Geography plays a major role in the provision of emergency services for First Nations, who are often affected by emergency events to a greater extent due to remoteness.
Canada has 114 remote First Nations communities, with some accessible only by air or water.
While most have established and regular access, others have single paved/unpaved roads or winter road access.
Steering Committee on First Nation Home Flood Insurance Needs
On May 18, 2021, Indigenous Services Canada (ISC) and the Assembly of First Nations launched the Steering Committee on First Nation Home Flood Insurance Needs to examine the specific home flood insurance needs of First Nations on reserves.
The Steering Committee was the first co-led emergency management initiative between ISC and the Assembly of First Nations. It included representatives from First Nations organizations such as the National Aboriginal Lands Managers Association and the First Nations Housing Professionals Association. Committee members also came from several federal government departments and agencies, Indigenous owned and conventional insurance firms and academia.
Over the year, the committee engaged 71 First Nations across Canada, gathering key information and obtaining First Nations-specific context regarding home flood risk insurance. The final report (PDF Version, 5,14 MB, 42 pages) was presented at the final Steering Committee meeting on June 28, 2022. This work will inform future considerations and potential next steps related to flood insurance options on reserve.
Engaging First Nations from the beginning of the process respects ISC’s mandate to advance First Nations self-determination and self-government.

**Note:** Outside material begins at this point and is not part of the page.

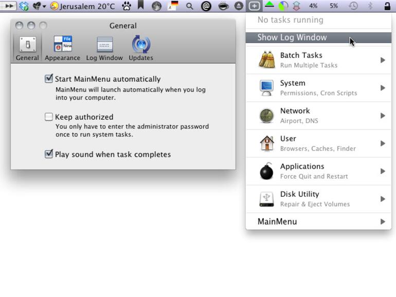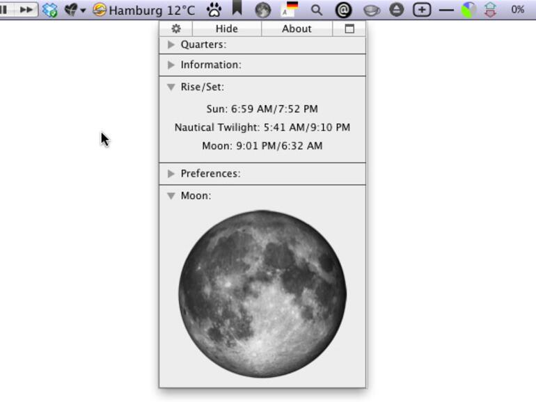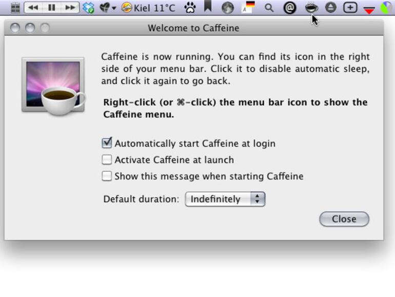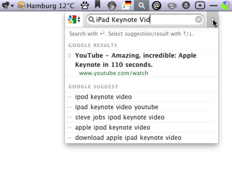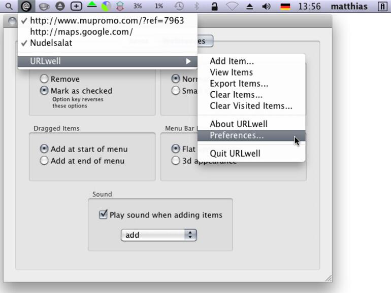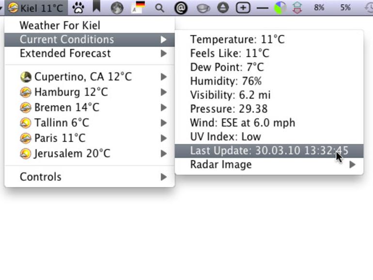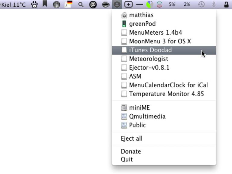 Bereits hinter diesen Icons verstecken sich Menulets. Wer mag, kann deren Position in der Menüleiste ganz leicht verschieben: Hierzu drückt man die Befehls-Taste und fasst das Icon mit der Maus an. Nachdem die Wunsch-Position gefunden ist, lässt man los, andere Menulets weichen zur Seite. Auf diese Art und Weise kann man die hauseigenen Apple-Menulets auch entfernen: einfach aus dem Menü herausziehen.

Indigenous Emergency Management Capabilities Inventory
As part of the ongoing effort to work collaboratively with Indigenous communities, in May 2017, Federal / Provincial / Territorial (FPT) Ministers agreed to work collaboratively with Indigenous representatives to develop an inventory of emergency management capabilities in Indigenous communities across Canada.
The Indigenous Emergency Management Capabilities Inventory is led by Public Safety Canada and the Assembly of First Nations. Public Safety Canada is working closely with Indigenous representatives and communities, other federal departments, provinces/territories, and other emergency management partners to ensure the inventory is culturally sensitive, appropriate, and beneficial to communities. The project was piloted with targeted Indigenous communities in the fall of 2017 and was rolled-out nationally in early 2018.
The resulting Indigenous Emergency Management Capabilities Inventory will be used by the federal government, provincial and territorial governments, and Indigenous communities as a tool to collaboratively focus on the emergency management needs of Indigenous communities across Canada.